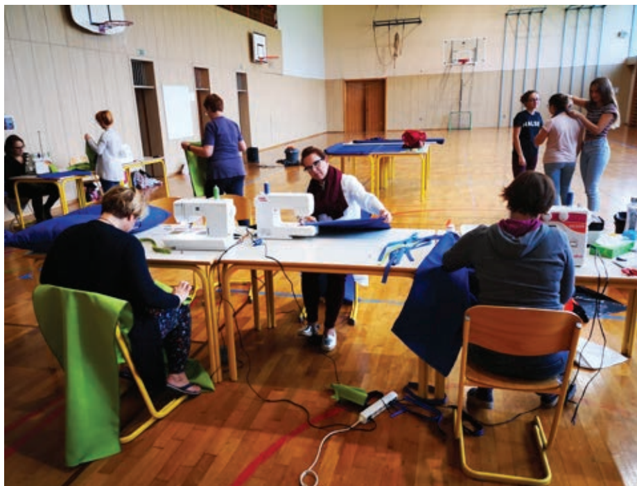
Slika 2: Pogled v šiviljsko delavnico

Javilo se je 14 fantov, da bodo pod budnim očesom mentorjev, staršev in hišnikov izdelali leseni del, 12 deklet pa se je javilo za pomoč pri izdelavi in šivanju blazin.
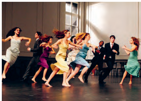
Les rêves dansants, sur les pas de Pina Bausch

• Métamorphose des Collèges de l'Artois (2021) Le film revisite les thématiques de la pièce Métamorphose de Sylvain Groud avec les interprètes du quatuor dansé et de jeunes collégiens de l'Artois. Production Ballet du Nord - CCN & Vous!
*-*-*
Without including any pictures, print all of the material exactly as given.

--- Answer to the exercise ---
Slika 2: Pogled v šiviljsko delavnico

Javilo se je 14 fantov, da bodo pod budnim očesom mentorjev, staršev in hišnikov izdelali leseni del, 12 deklet pa se je javilo za pomoč pri izdelavi in šivanju blazin.
Les rêves dansants, sur les pas de Pina Bausch

• Métamorphose des Collèges de l'Artois (2021) Le film revisite les thématiques de la pièce Métamorphose de Sylvain Groud avec les interprètes du quatuor dansé et de jeunes collégiens de l'Artois. Production Ballet du Nord - CCN & Vous!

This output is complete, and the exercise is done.